This was on the WSJ's Best Mysteries of 2023 list. I've read and liked a couple of Laura Lippman's books in the past (By A Spider's Thread, Lady in the Lake). This one did not impress me that much. The back cover has laudatory blurbs from Emma Straub, Megan Abbot, and Alison Gaylin; this tells me that you might like it better than I did if you are a lady.
Back in 1997, Amber Glass inveigles Joe Simpson into taking her to their Baltimore-area high school prom. Little does anyone know that the night's events won't go as planned; Joe ditches Amber in a hotel room to take up once more with the girl that had dumped him.

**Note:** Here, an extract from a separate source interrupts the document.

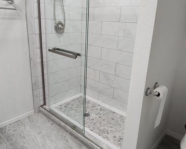 Natural Elements: Beautiful pebble tile flooring for a spa-like feel underfoot.
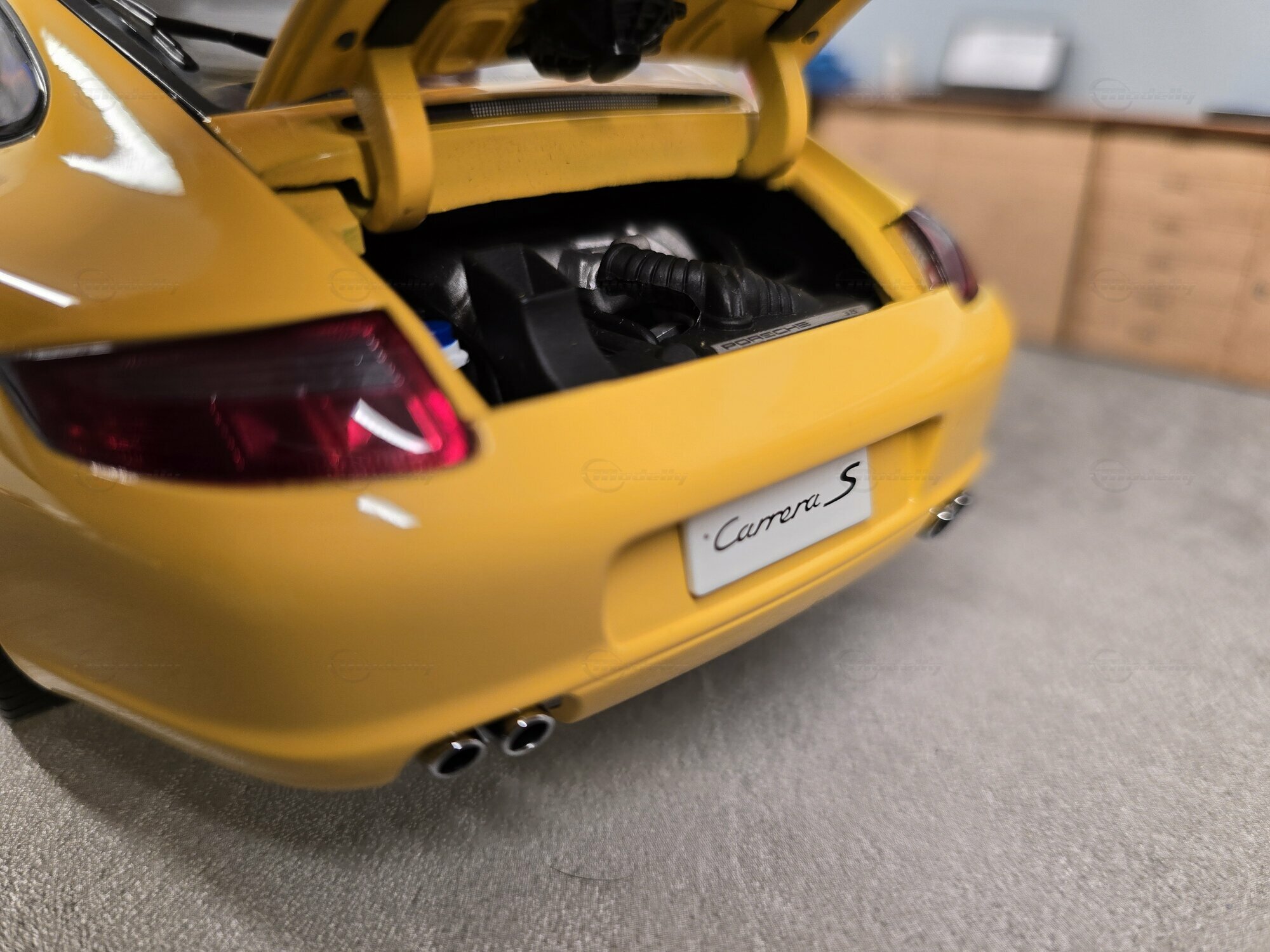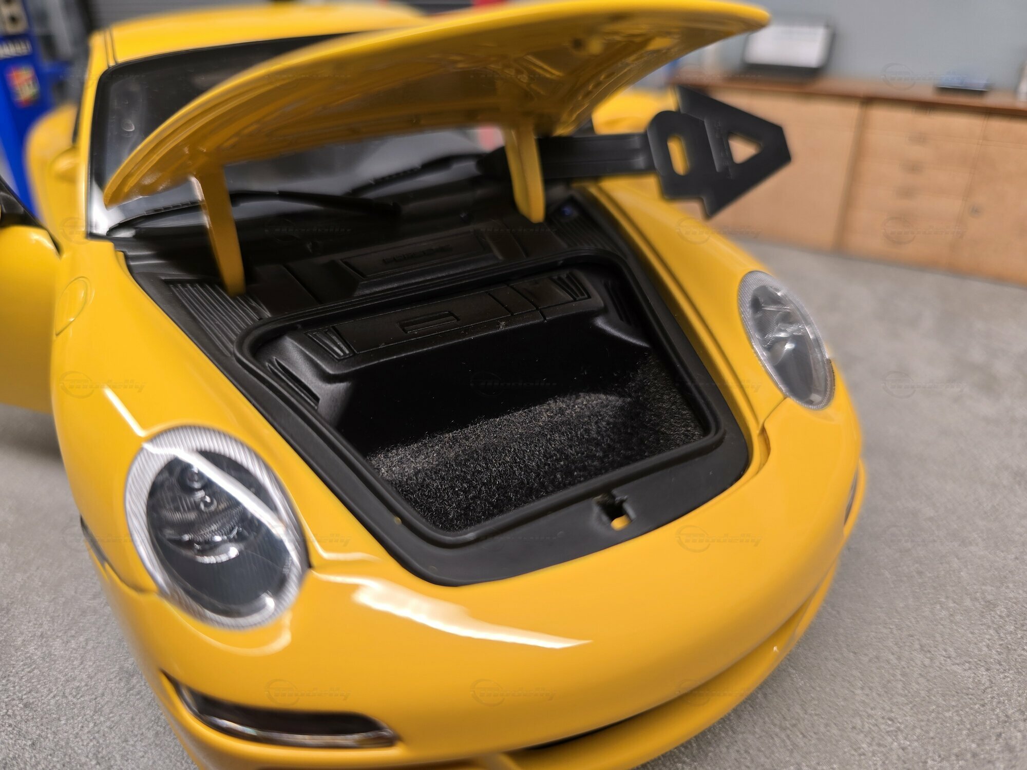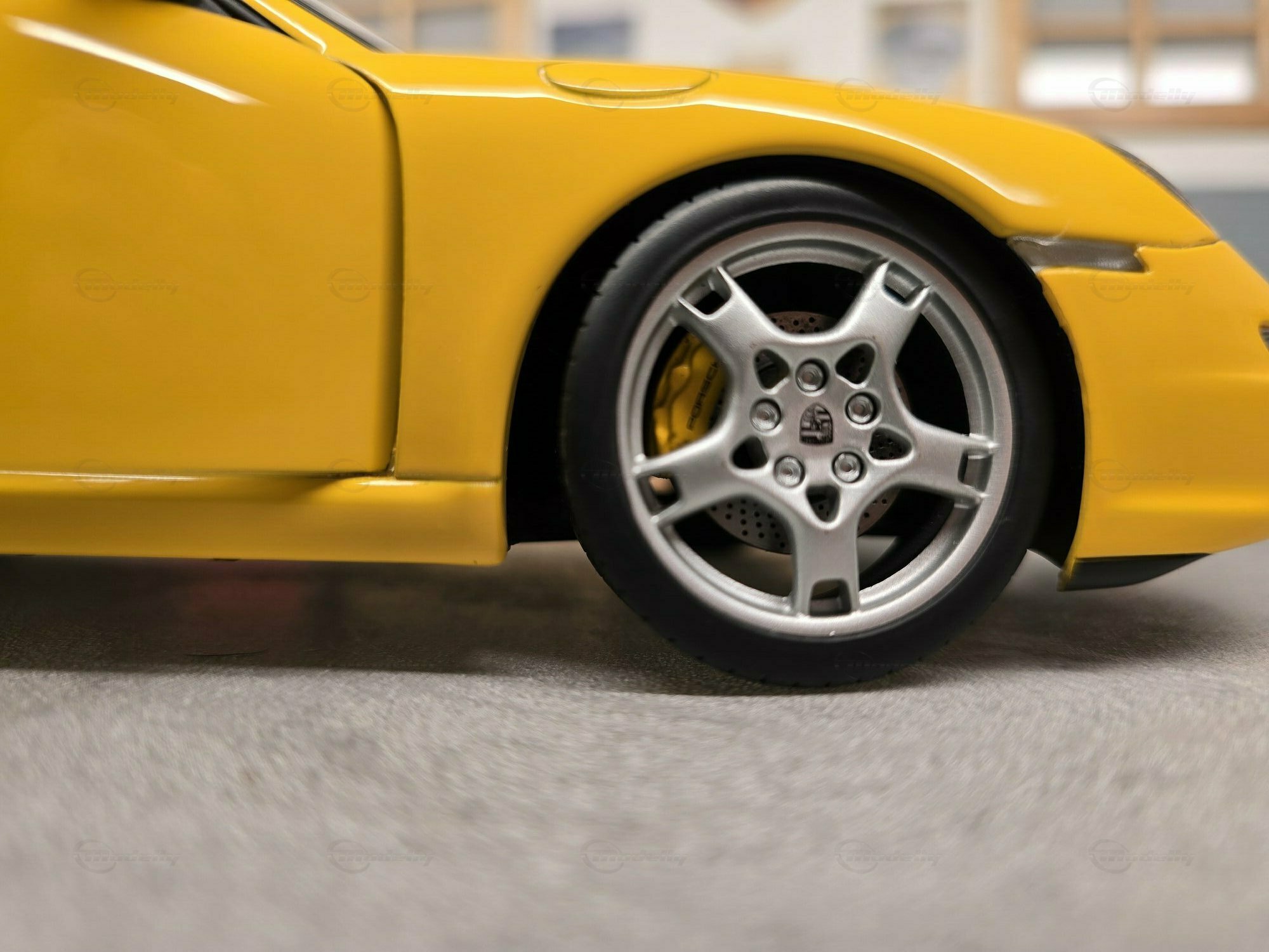 Die Lackierung des Modells erscheint in Gelb, angelehnt an einen klassischen Porsche-Farbton aus dem Serienprogramm. Die Oberfläche wirkt gleichmäßig, mit klaren Lichtreflexen auf Haube, Dach und Flanken. Dadurch lassen sich die gewölbten Formen des Porsche 911 (997) Carrera S gut erkennen: die vorn ansteigenden Kotflügel, die sanft modellierte Fronthaube und die fließende Seitenlinie bis zum Heck. An der Front sind die ovalen Scheinwerfereinheiten mit innerer Struktur sichtbar, ebenso die schmalen Leuchten in der Stoßfängerzone und die horizontalen Öffnungen im unteren Lufteinlassbereich. Die Seitenansicht zeigt die kompakte Kabine, das kleine hintere Seitenfenster und die klassische 2+2-Coupé-Form. Die Felgen lassen sich auf den Fotos nicht mit letzter Sicherheit einem bestimmten Zubehörhersteller oder einer Tuningmarke zuordnen; sie entsprechen optisch jedoch dem Stil seriennaher Porsche-Carrera-S-Räder. Hinweise auf eine eindeutig identifizierbare Tuningfirma sind an dem gezeigten Fahrzeug nicht erkennbar. Das trägt dazu bei, dass das Modell einen seriennahen Eindruck vermittelt, der für viele 911-Sammler relevant ist. Auch die Innenraumansicht bleibt dezent, mit dunkler Farbgebung, passend zu einem straßennah konfigurierten Porsche 911 (997) Carrera S.

And in the morning—I am not making this up—Amber is found with a dead baby. She becomes tabloid fodder, see the title. And Joe gets tagged as "Cad Dad", but escapes any sort of serious critical publicity.
Fast forward to 2019; Amber returns to Baltimore, and opens an art gallery, concentrating on the oeuvre of the recently incarcerated. And Joe is also in the area, trying to make a successful career in commercial real estate, married to a successful plastic surgeon. Do they meet up? Of course.
Where's the mystery? Where is even the crime? Could be that dead baby, given that Amber's memory of what happened that night is hazy. But that's left unexplored for nearly the entire book. (Sorry, semi-spoiler there.) Instead there are hundreds of pages filled with, to my male eyes, boring and irrelevant detail. (Page 74: "In her shotgun rental house back in New Orleans, she had painted the front room coral, her bedroom navy blue, and the kitchen butter yellow." Zzzz.)
Arguably, suspense builds throughout, as we discover just how big a cad the Cad Dad is. But not much happens, or is revealed, until the last 20 or so pages.